Michael's

The legendary Santa Monica restaurant has entered a new era, with a new chef and refurbished interior.

Run by iconic restaurateur Michael McCarty, who first opened the restaurant in 1979 and has seen chefs like Nancy Silverton and Jonathan Waxman move through his kitchen, Michael’s continues to impress.

The new chef is Miles Thompson, who formerly headed up the kitchen at the critically acclaimed Allumette in Echo Park. He brings with him a nuanced, ingredient-focused approach to the new menu at Michael’s, which has also undergone a mild refurbishment.

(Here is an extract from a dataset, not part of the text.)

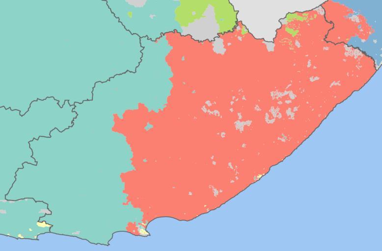Keywords: Eastern Cape 2001 dominant language map.svg 8dd3c7 Afrikaans ffffb3 English fb8072 isiXhosa 80b1d3 isiZulu b3de69 Sesotho d0d0d0 No language dominant Statistics South Africa's Census 2001 is the source of the basic population data The map results from my own processing of the data Htonl 2010-02-10 Htonl The following license applies to the population data on which the map is based http //www statssa gov za/copyrightdisclaimer asp the user acknowledges Stats SA as the source of the basic data wherever they process apply utilise publish or distribute the data and also that they specify that the relevant application and analysis where applicable result from their own processing of the data The following tag applies to the map itself Linguistic maps of South Africa Maps of the Eastern Cape Maps by Htonl |

New dishes include things like beef tartare with riesling vinegar, fermented pepper and okra seed caviar. Also find a new market-to-glass cocktail program by beverage director Meredith Hayman (Bestia, Faith and Flower) that features signature drinks like Road to Kyushu with Kikori Japanese whiskey, Galliano, Averna, barrel-aged bitters, kumquat and clove.

Ideal For

Foodies

Signature Dishes

Start with housemade buckwheat sourdough bread with sunflower butter; try the ricotta gnudi with lamb sausage, spigarello and preserved orange; indulge in Asian-influenced plates like Sichuan pork dumplings with cured salmon roe, black vinegar and tarragon; or go large with main dishes such as black cod with lemongrass rice, soured little gems and dried chili dipping sauce.